== Exercise directions ==
Images excepted, the data below must be repeated exactly.

== Extracted material ==
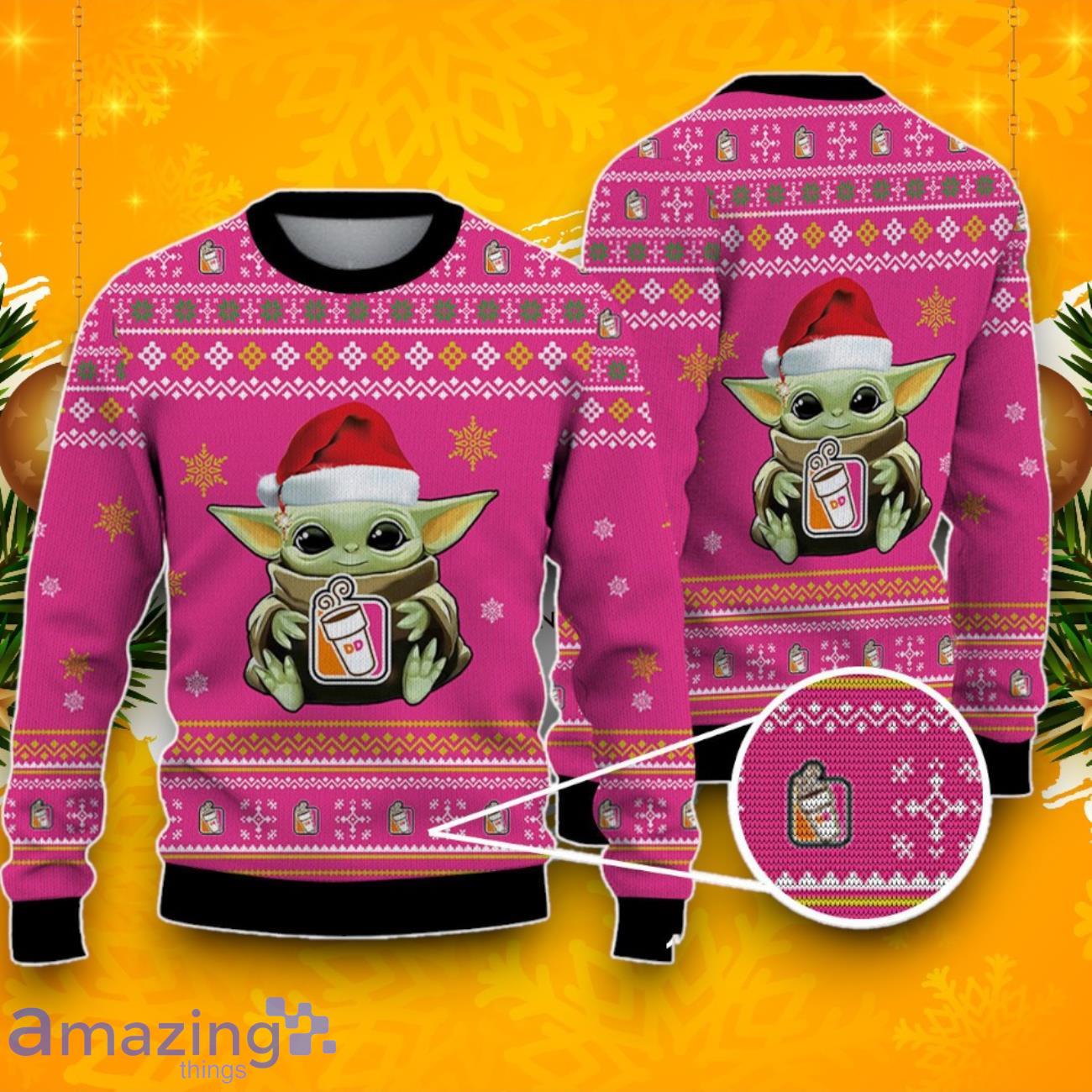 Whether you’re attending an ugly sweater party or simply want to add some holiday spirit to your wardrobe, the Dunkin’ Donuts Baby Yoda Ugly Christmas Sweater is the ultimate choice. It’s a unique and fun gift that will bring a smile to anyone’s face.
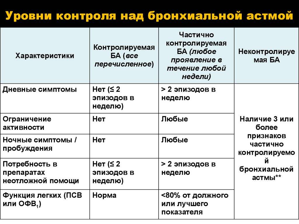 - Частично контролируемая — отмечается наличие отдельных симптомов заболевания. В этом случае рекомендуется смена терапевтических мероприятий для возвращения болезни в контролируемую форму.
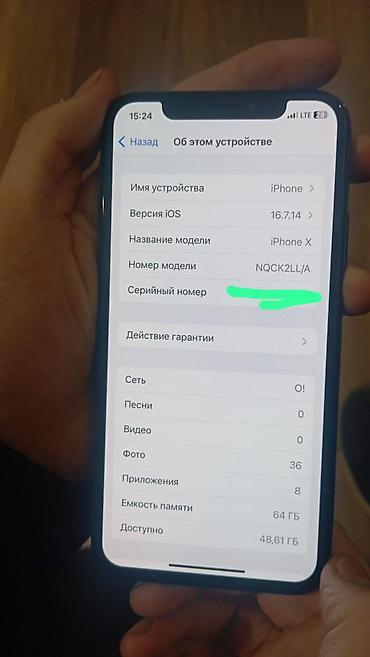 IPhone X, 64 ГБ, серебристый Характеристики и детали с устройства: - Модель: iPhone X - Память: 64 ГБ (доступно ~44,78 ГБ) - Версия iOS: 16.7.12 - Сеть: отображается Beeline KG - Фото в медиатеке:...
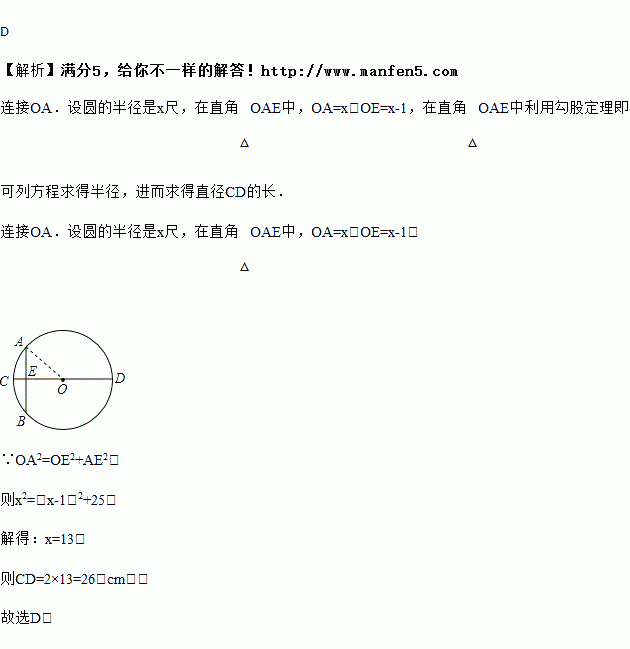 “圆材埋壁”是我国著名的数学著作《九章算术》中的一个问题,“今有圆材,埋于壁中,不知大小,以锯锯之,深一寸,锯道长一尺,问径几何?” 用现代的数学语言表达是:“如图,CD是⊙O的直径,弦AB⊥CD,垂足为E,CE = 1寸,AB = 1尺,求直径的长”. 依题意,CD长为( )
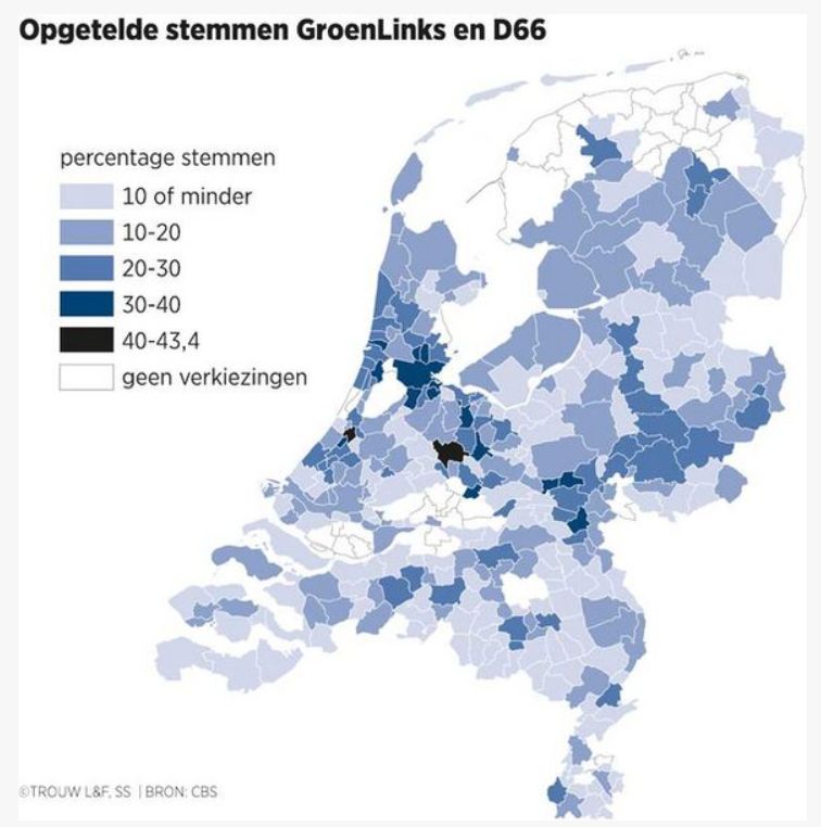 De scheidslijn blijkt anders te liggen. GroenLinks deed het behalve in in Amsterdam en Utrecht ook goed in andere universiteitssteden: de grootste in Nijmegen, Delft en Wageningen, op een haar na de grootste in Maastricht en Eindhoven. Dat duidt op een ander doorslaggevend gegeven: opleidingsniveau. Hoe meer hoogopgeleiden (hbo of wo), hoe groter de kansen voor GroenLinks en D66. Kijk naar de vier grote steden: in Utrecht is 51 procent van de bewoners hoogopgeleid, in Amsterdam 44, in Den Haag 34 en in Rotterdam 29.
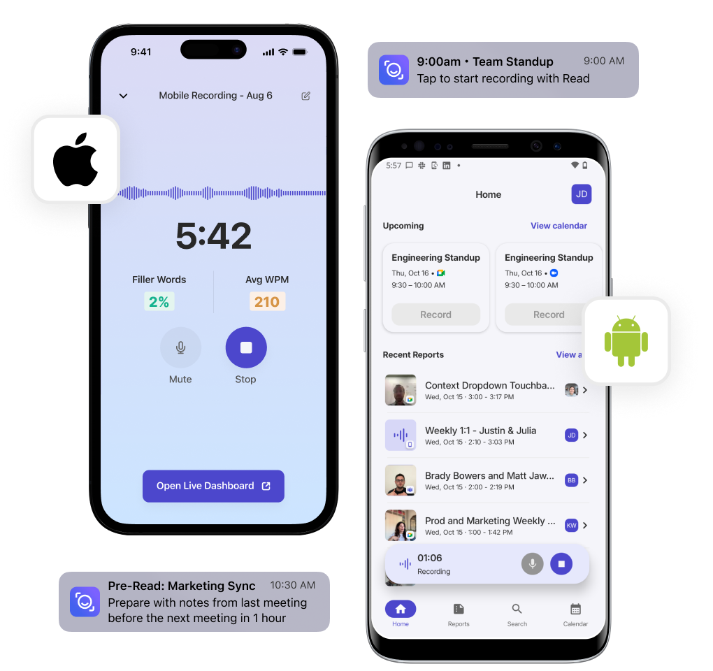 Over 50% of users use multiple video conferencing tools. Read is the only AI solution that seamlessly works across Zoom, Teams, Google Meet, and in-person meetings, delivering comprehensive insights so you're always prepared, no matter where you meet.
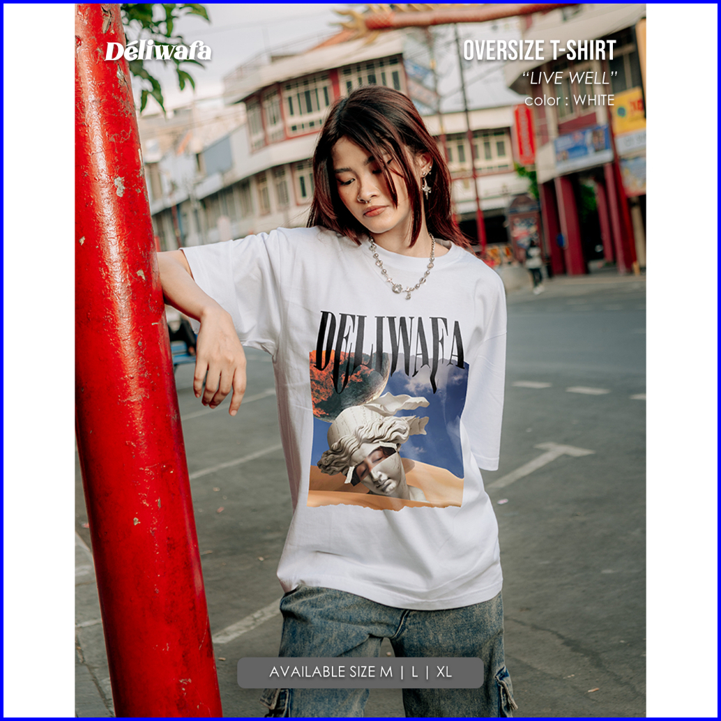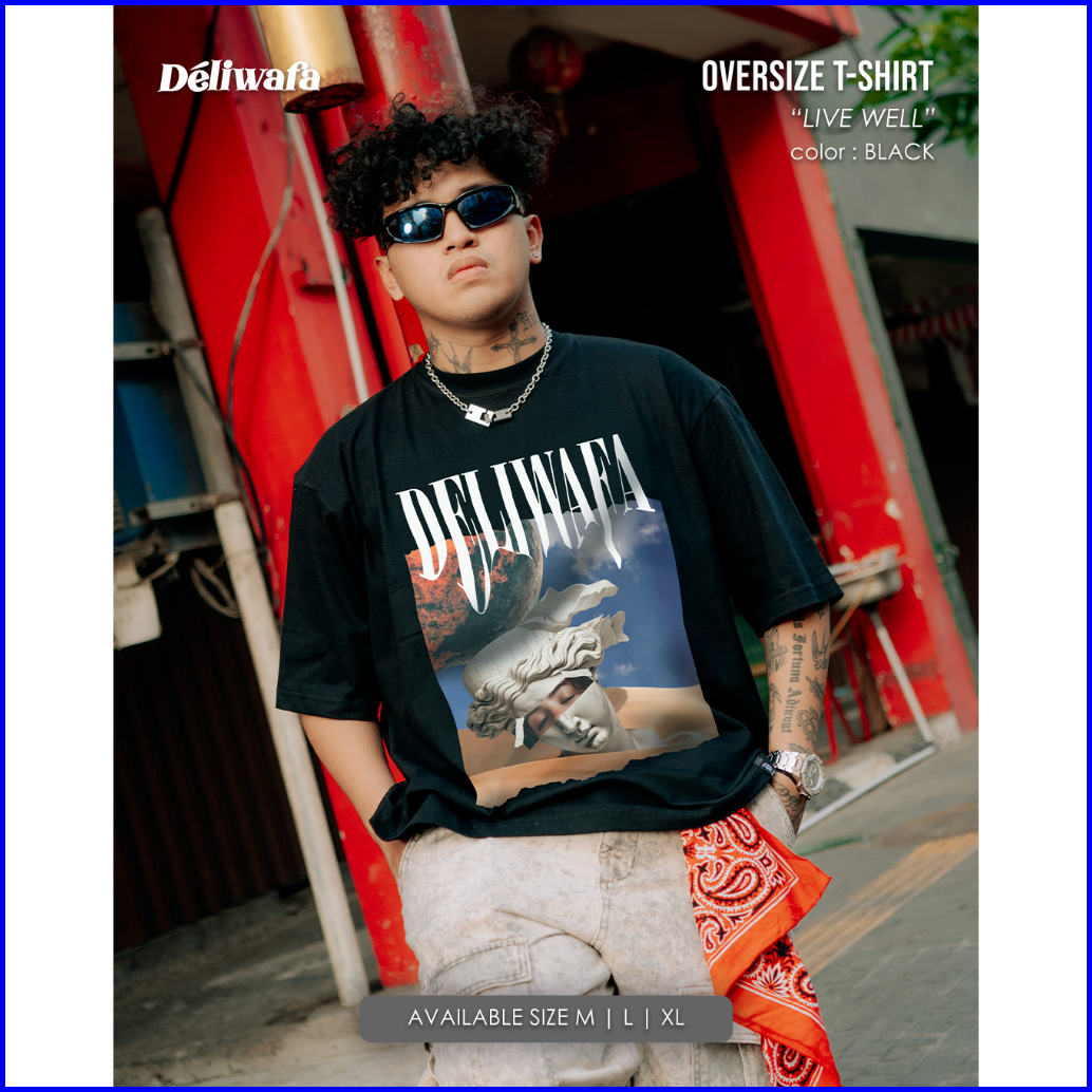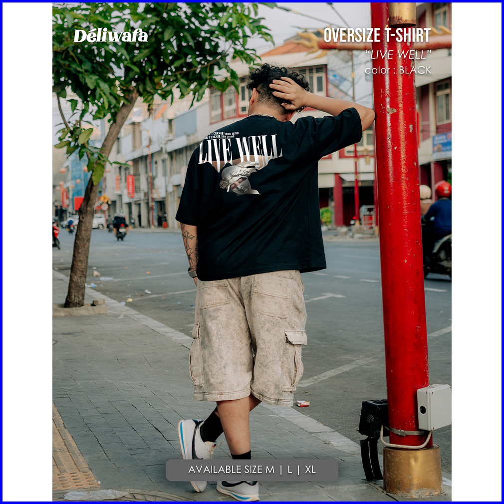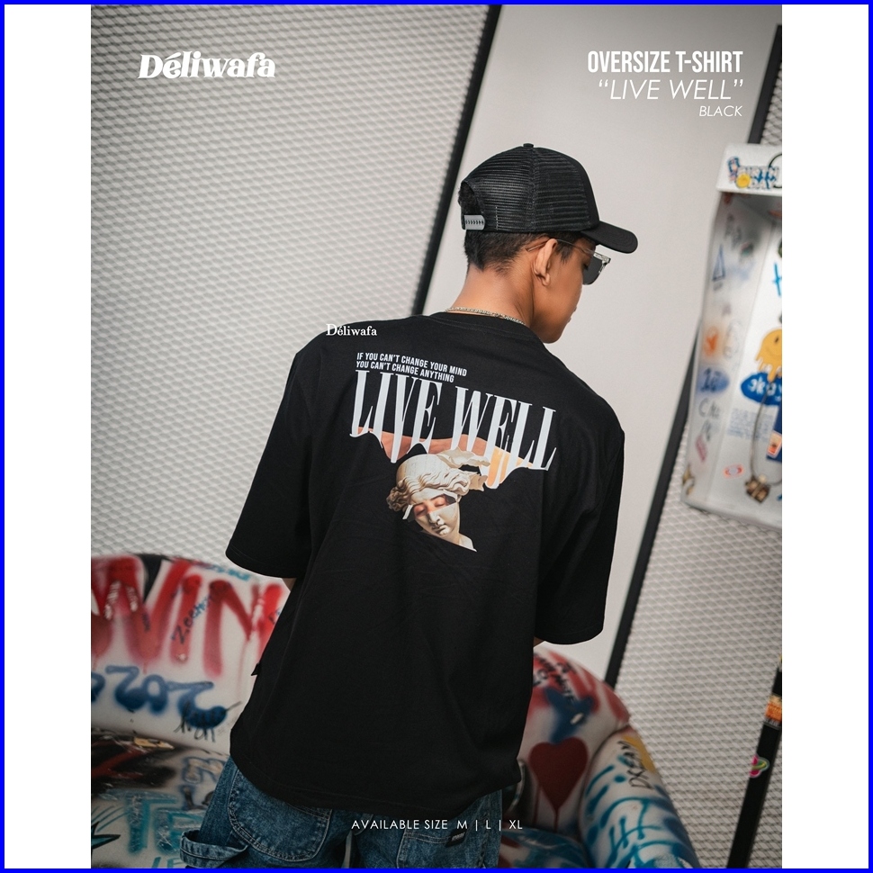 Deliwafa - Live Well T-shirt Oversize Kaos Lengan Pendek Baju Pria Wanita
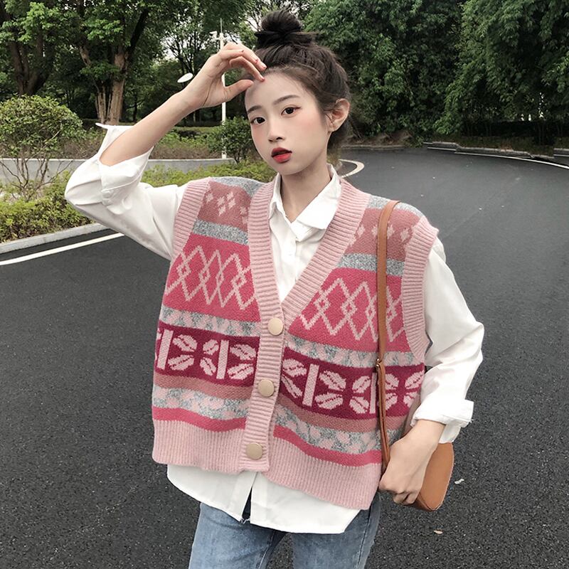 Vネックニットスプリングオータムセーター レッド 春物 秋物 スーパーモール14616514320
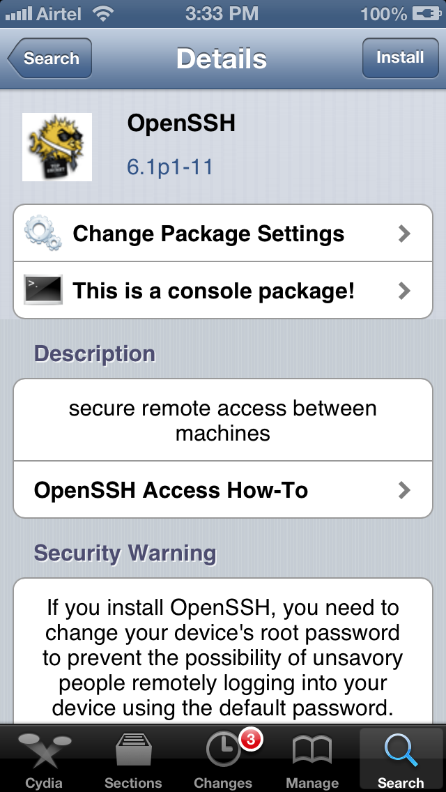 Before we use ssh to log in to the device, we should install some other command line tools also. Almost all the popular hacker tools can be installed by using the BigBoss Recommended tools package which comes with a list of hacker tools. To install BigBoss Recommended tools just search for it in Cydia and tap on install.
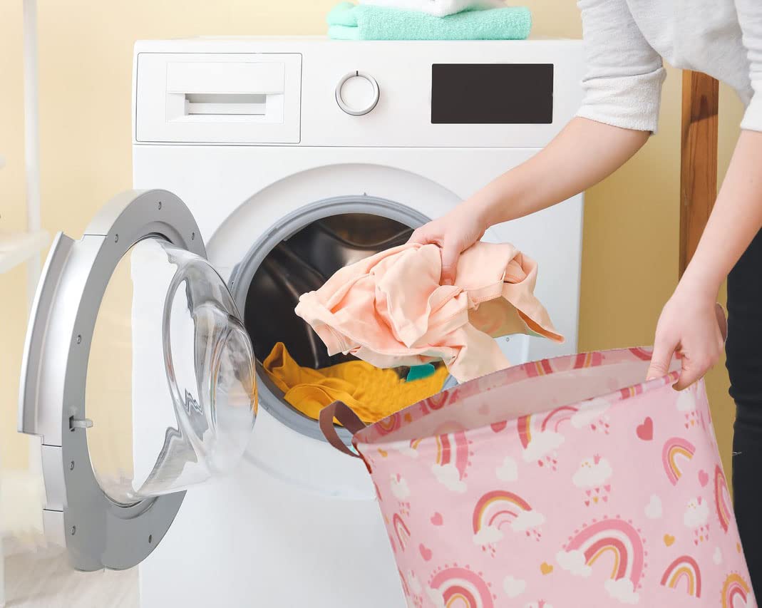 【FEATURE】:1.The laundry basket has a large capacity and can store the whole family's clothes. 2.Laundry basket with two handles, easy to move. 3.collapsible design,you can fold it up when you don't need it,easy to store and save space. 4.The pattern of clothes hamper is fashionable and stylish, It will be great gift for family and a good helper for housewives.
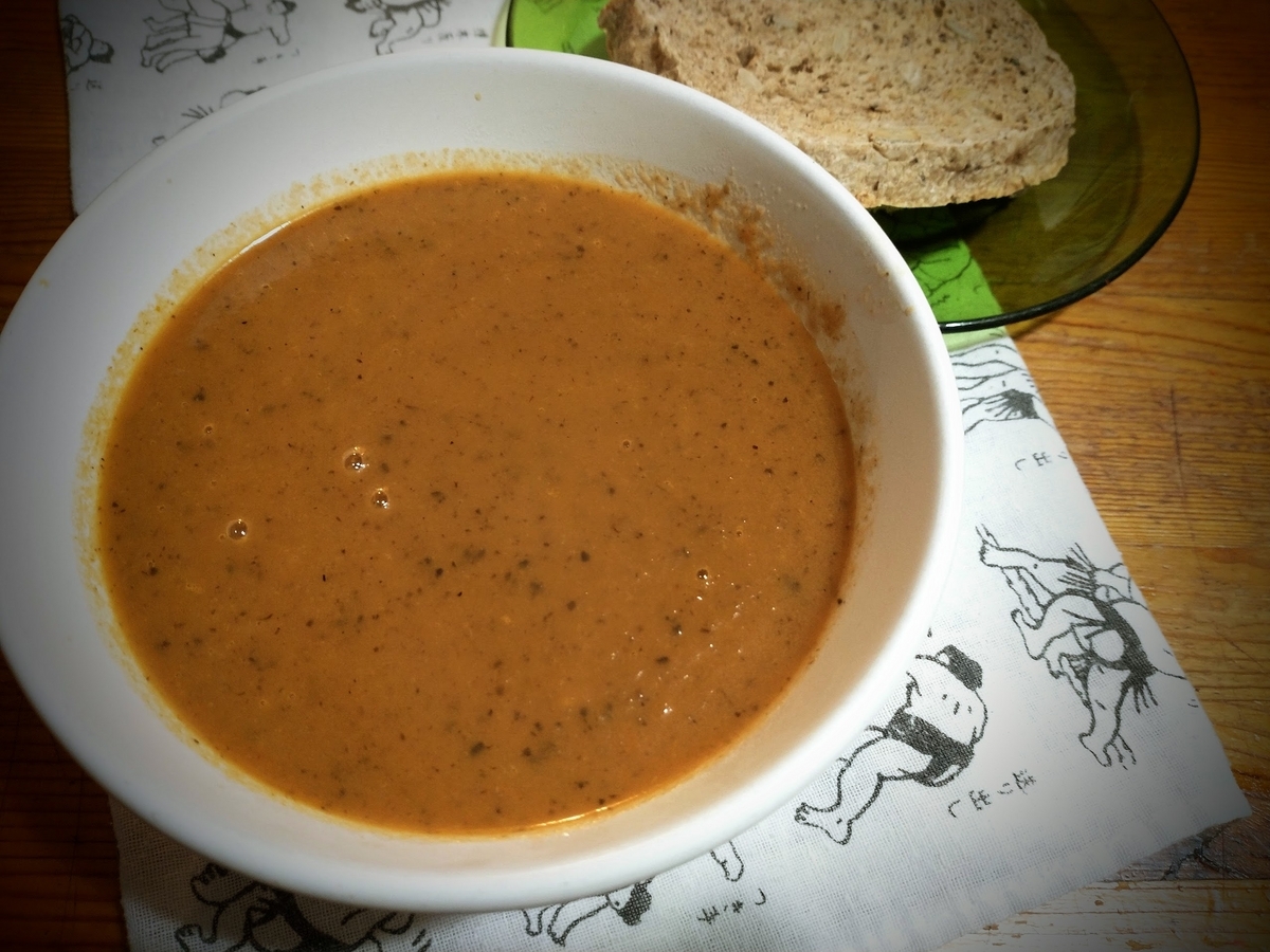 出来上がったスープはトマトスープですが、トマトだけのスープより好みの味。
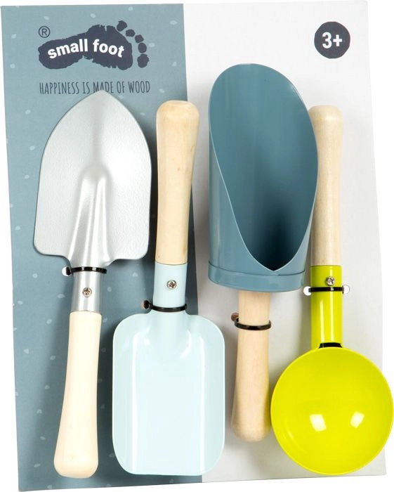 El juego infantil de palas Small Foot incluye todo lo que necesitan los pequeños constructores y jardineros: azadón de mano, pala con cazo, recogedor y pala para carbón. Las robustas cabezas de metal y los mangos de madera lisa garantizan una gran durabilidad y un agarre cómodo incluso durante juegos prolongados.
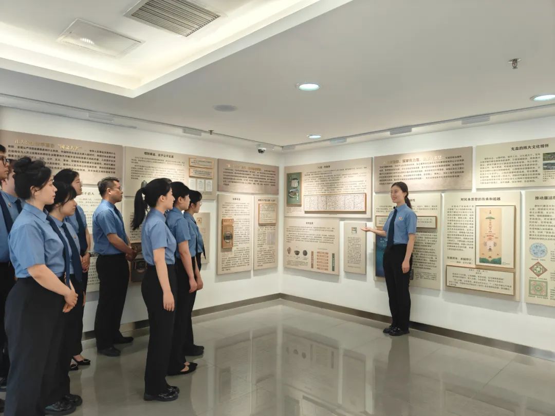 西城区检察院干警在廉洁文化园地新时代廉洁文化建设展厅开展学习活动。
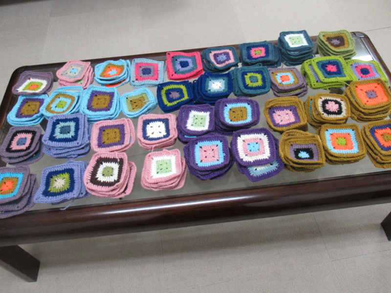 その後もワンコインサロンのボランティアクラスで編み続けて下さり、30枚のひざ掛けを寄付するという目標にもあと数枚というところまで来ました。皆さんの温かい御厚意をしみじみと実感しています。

== Reply ==
 Whether you’re attending an ugly sweater party or simply want to add some holiday spirit to your wardrobe, the Dunkin’ Donuts Baby Yoda Ugly Christmas Sweater is the ultimate choice. It’s a unique and fun gift that will bring a smile to anyone’s face.
 - Частично контролируемая — отмечается наличие отдельных симптомов заболевания. В этом случае рекомендуется смена терапевтических мероприятий для возвращения болезни в контролируемую форму.
 IPhone X, 64 ГБ, серебристый Характеристики и детали с устройства: - Модель: iPhone X - Память: 64 ГБ (доступно ~44,78 ГБ) - Версия iOS: 16.7.12 - Сеть: отображается Beeline KG - Фото в медиатеке:...
 “圆材埋壁”是我国著名的数学著作《九章算术》中的一个问题,“今有圆材,埋于壁中,不知大小,以锯锯之,深一寸,锯道长一尺,问径几何?” 用现代的数学语言表达是:“如图,CD是⊙O的直径,弦AB⊥CD,垂足为E,CE = 1寸,AB = 1尺,求直径的长”. 依题意,CD长为( )
 De scheidslijn blijkt anders te liggen. GroenLinks deed het behalve in in Amsterdam en Utrecht ook goed in andere universiteitssteden: de grootste in Nijmegen, Delft en Wageningen, op een haar na de grootste in Maastricht en Eindhoven. Dat duidt op een ander doorslaggevend gegeven: opleidingsniveau. Hoe meer hoogopgeleiden (hbo of wo), hoe groter de kansen voor GroenLinks en D66. Kijk naar de vier grote steden: in Utrecht is 51 procent van de bewoners hoogopgeleid, in Amsterdam 44, in Den Haag 34 en in Rotterdam 29.
 Over 50% of users use multiple video conferencing tools. Read is the only AI solution that seamlessly works across Zoom, Teams, Google Meet, and in-person meetings, delivering comprehensive insights so you're always prepared, no matter where you meet.
 Deliwafa - Live Well T-shirt Oversize Kaos Lengan Pendek Baju Pria Wanita
 Vネックニットスプリングオータムセーター レッド 春物 秋物 スーパーモール14616514320
 Before we use ssh to log in to the device, we should install some other command line tools also. Almost all the popular hacker tools can be installed by using the BigBoss Recommended tools package which comes with a list of hacker tools. To install BigBoss Recommended tools just search for it in Cydia and tap on install.
 【FEATURE】:1.The laundry basket has a large capacity and can store the whole family's clothes. 2.Laundry basket with two handles, easy to move. 3.collapsible design,you can fold it up when you don't need it,easy to store and save space. 4.The pattern of clothes hamper is fashionable and stylish, It will be great gift for family and a good helper for housewives.
 出来上がったスープはトマトスープですが、トマトだけのスープより好みの味。
 El juego infantil de palas Small Foot incluye todo lo que necesitan los pequeños constructores y jardineros: azadón de mano, pala con cazo, recogedor y pala para carbón. Las robustas cabezas de metal y los mangos de madera lisa garantizan una gran durabilidad y un agarre cómodo incluso durante juegos prolongados.
 西城区检察院干警在廉洁文化园地新时代廉洁文化建设展厅开展学习活动。
 その後もワンコインサロンのボランティアクラスで編み続けて下さり、30枚のひざ掛けを寄付するという目標にもあと数枚というところまで来ました。皆さんの温かい御厚意をしみじみと実感しています。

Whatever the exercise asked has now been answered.